··· Exercise inputs ···

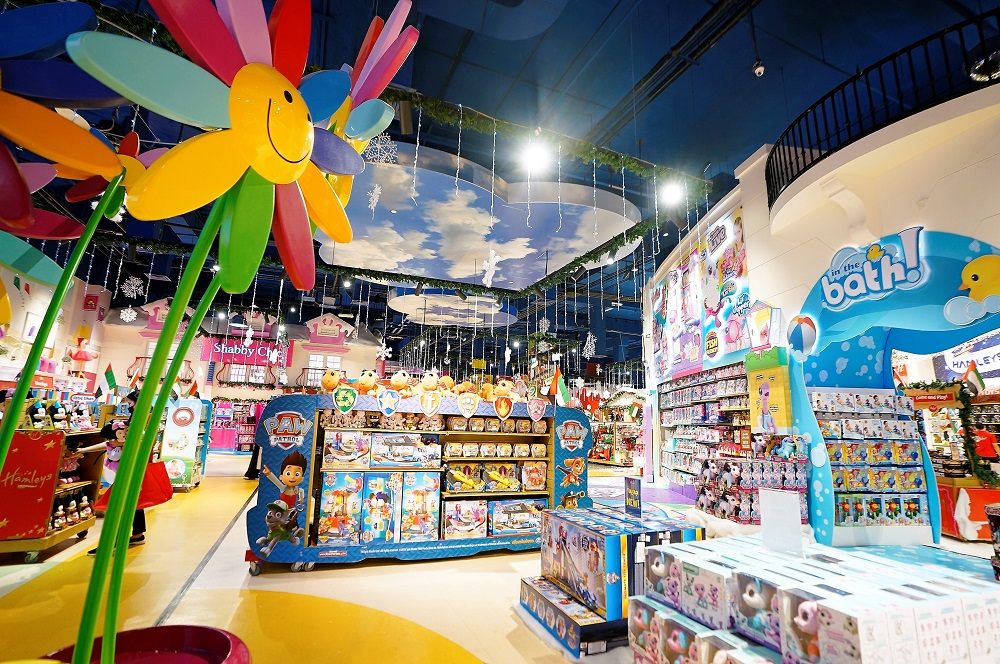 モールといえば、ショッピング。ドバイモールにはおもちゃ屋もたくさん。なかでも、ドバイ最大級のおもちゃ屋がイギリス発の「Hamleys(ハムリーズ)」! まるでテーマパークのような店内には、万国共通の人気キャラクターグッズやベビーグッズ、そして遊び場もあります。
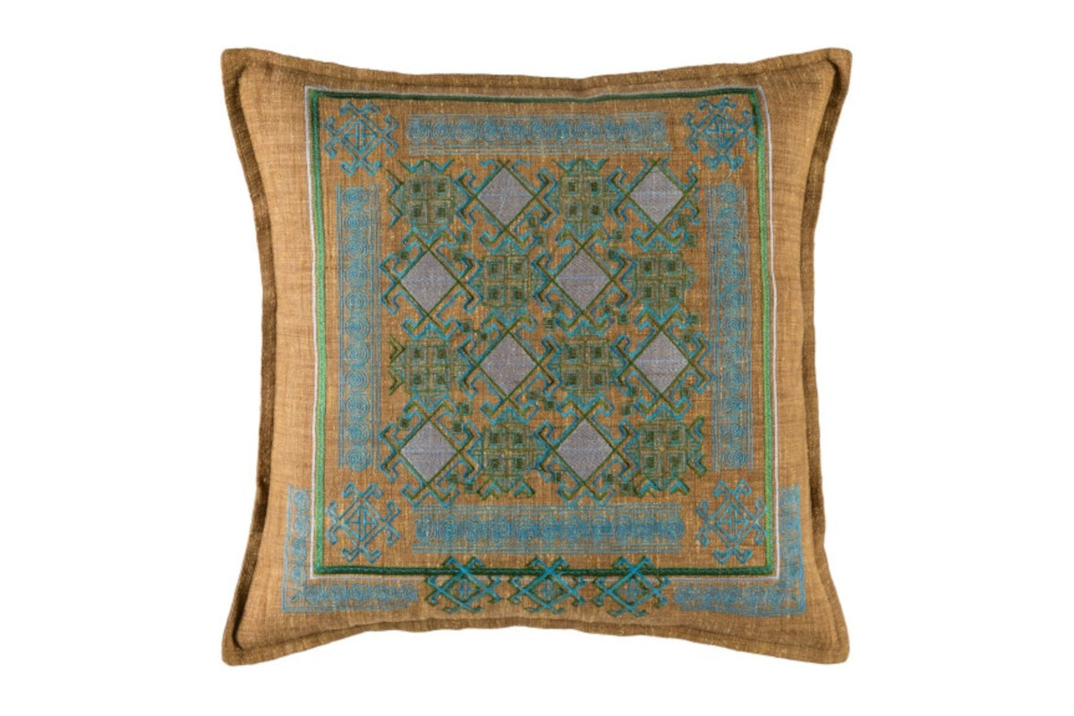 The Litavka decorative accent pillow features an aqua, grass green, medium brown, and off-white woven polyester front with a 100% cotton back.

···
··· Exercise inputs ···

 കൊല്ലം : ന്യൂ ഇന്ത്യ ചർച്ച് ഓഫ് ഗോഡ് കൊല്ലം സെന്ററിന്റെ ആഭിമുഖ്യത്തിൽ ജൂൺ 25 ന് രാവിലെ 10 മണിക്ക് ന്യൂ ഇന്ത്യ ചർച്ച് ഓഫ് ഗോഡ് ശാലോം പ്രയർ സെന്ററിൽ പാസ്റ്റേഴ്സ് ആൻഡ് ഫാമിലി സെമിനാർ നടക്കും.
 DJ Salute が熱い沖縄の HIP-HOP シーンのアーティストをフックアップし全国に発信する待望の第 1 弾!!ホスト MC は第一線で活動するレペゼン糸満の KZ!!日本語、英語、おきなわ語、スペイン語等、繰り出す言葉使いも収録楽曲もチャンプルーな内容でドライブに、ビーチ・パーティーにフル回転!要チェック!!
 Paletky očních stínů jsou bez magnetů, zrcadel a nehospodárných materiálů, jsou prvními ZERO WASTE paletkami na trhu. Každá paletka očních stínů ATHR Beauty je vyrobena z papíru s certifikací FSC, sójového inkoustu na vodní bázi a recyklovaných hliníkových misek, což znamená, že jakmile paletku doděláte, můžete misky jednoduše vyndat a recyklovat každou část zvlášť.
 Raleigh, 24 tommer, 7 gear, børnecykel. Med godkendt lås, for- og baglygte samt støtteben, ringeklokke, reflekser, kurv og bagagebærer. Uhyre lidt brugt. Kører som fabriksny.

···

Give again the lines of the listing above that run from the one with "モールといえば、ショッピング" up to and including the one with "The Litavka decorative". Keep them exact and omit the pictures.

- _Response below_:
 モールといえば、ショッピング。ドバイモールにはおもちゃ屋もたくさん。なかでも、ドバイ最大級のおもちゃ屋がイギリス発の「Hamleys(ハムリーズ)」! まるでテーマパークのような店内には、万国共通の人気キャラクターグッズやベビーグッズ、そして遊び場もあります。
 The Litavka decorative accent pillow features an aqua, grass green, medium brown, and off-white woven polyester front with a 100% cotton back.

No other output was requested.